The Bleeding Edge

// Content pipeline · May 24, 2026

Content Pipelines

An AI-built newsletter and podcast publishing system

ai-builtpodcastpythonclaude-code
Content Pipelines hero

What this is

A Python pipeline that runs every Friday at 04:00 CET on a self-hosted GitHub Actions runner. It scrapes 18 AI newsletter subscriptions across two Gmail accounts, calls claude -p headless to draft a weekly briefing plus deep-dive articles plus three newsletter formats, pushes everything to Vercel, emails a Substack draft, and notifies both hosts.

This very site is the front-end for that pipeline. The episode briefings you see at /episodes and the articles at /articles are produced by the pipeline — not hand-written. The Friday morning sequence is: pipeline runs, content lands on disk, git push fires Vercel auto-deploy, you get a Slack-style email saying it's live.

What AI does

Claude (via the claude -p CLI in headless mode) does the heavy editorial work — synthesizing the week's newsletter intake into a structured briefing, expanding flagged stories into deep-dive articles with three different role-lensed framings (CEO, CIO/CTO, AI transformation lead), and re-cutting the briefing into three distinct newsletter formats (executive roundup, devices weekly, LLM weekly).
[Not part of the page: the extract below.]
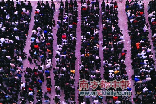 誰說今年企業(yè)招工難?過去一個多月,龍華富士康門口日日數(shù)千人求職,密度可比春運火車站,進(jìn)人群易出人群難,站著睡覺不會倒,上個廁所得憋著。昨日凌晨5時左右,由于保安未上班無人看管,求職者更是擠倒欄桿,人仰馬翻,互相踩踏,幸無人員傷亡。
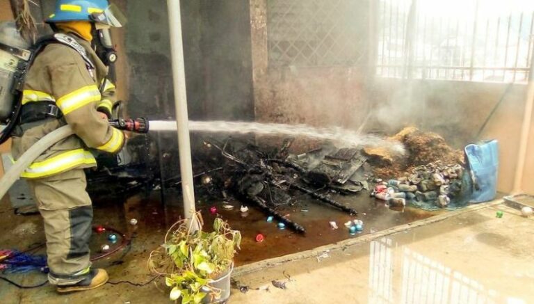 Cuerpo Bomberos extinguió un incendio generado en una vivienda ubicada en la residencial Los Girasoles, en el municipio de Santa Tecla, departamento de La Libertad.

Each generation is a separate prompt template living in friday-pipeline/prompts/.

What I did

Built the orchestrator. Picked Python stdlib for everything I could (tomllib, pathlib, subprocess, smtplib, dataclasses) to keep the dependency surface tiny. Designed the editorial-as-code constraint — voice, role lenses, format rules all live as markdown the pipeline reads. Hardened the failure-stop policy: any uncaught exception aborts before publishing, on the theory that a missed Friday is fine but a half-published one is not.

What surprised me

The cost. The pipeline runs through my Claude Code Max subscription via subprocess to the claude CLI — no API key, no per-token billing. Total marginal cost per weekly run: $0. The cron infrastructure (self-hosted runner on my PC + Windows scheduled task to wake the machine at 02:45 every Friday) is also free. Substack publishes as a draft via email-to-draft — they let you do that for free too. The whole stack is $0/week to operate.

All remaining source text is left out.